Rich Ulrich wrote:
> With 10,000 no-punches where only half that many no-votes should be
> expected (in Palm Beach County), they re-counted a 1% sample and came
> up with 47 additional votes -- about half of the 100 or so that were
> possible, and consistent with the number of no-votes that typically
> are seen.  There was no report of how many no-punches had existed.
> Gore gained, as he was expected to, because Gore carried the county by
> almost 2-to-1.

Say punched cards have a 5% reject rate, a figure I've heard several
times, then a manual count without bias always raises the totals
in proportion to the existing votes.  Thus as you say, a Democratic
county manually counted picks up net Democratic votes.

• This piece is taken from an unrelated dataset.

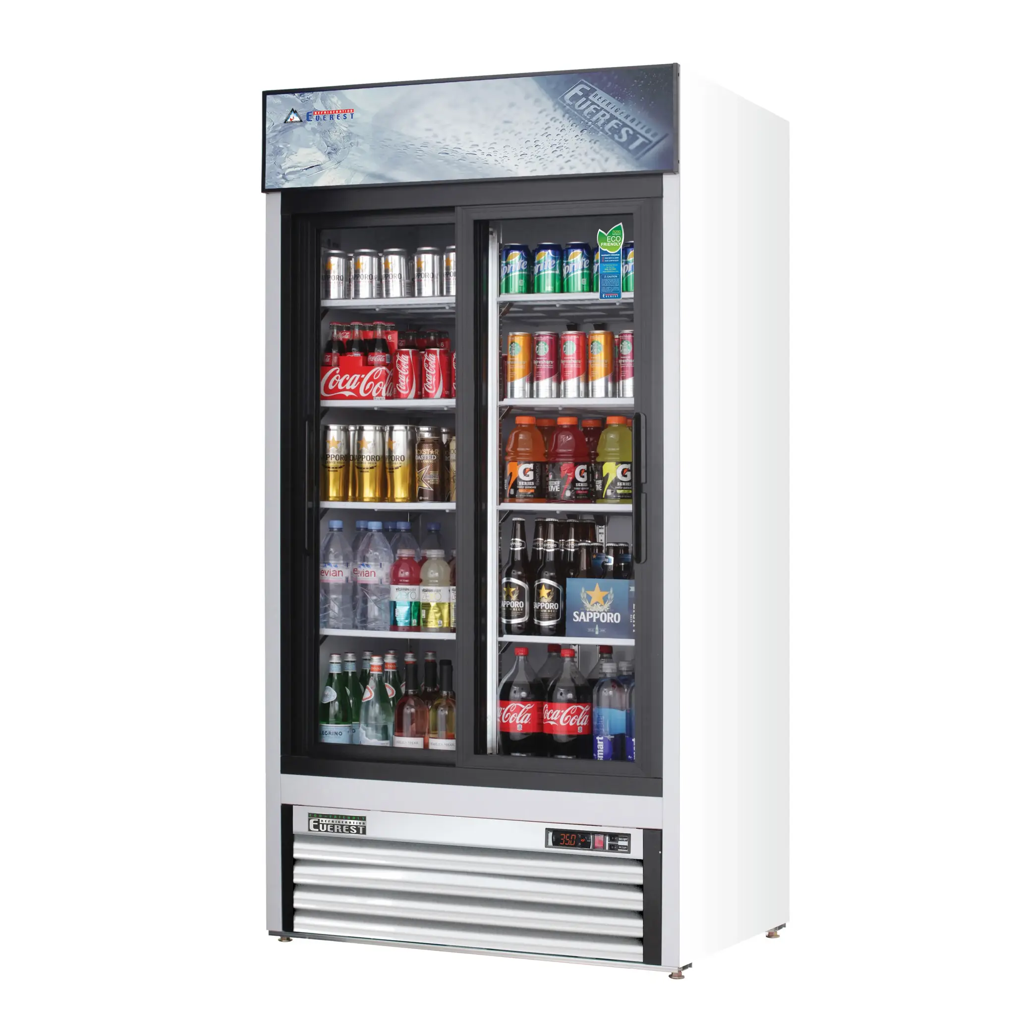 Master your restaurant's kitchen with the Everest Refrigeration EMGR33 Reach-In Glass Door Merchandiser Refrigerator. This two-section refrigerator has a spacious 33.0 cu. ft. capacity, perfect for storing and displaying your culinary creations. With a maximum capacity of 336 20 oz. bottles, this refrigerator is designed to meet the demands of a busy commercial restaurant. The self-contained bottom mounted refrigeration ensures efficient cooling, while the sliding glass self-closing doors provide easy access to your products. The eight epoxy coated wire shelves are height adjustable, allowing you to customize the interior space to suit your needs. The digital controls with LED display make it easy to monitor and adjust the temperature, while the auto defrost feature saves you time and effort. The LED interior lighting with an on/off switch illuminates your products, making them even more enticing to customers. The double-pane glass and white coated steel interior and exterior ensure durability and easy cleaning. With a stainless steel floor and adjustable screw legs, this refrigerator is built to withstand the demands of a commercial kitchen. The R290 Hydrocarbon refrigerant is environmentally friendly, while the 1/3 HP motor provides reliable performance. Trust Everest Refrigeration to deliver high-quality refrigeration solutions for your restaurant.

Would you say that therefore a Republican county with the reversed
numbers ought to be manually counted as well, if a Democratic one
is?  Otherwise it would seem a net Democratic gain is guaranteed.
The county that hand counts wins an even election.

The benefit of the machine counts is the avoidance of bias.  The
sign of the difference at the end of it all is an excellent estimate,
not biased, though the totals are biased low by machine counting.

A hand count improves the totals but ruins the differences.  But what
you want is the differences, ie the winner, not the totals.

I have heard that punch cards are favored because they retain
vote privacy, and they consider the 5% drop rate acceptable.
-- 
Ron Hardin
[EMAIL PROTECTED]

On the internet, nobody knows you're a jerk.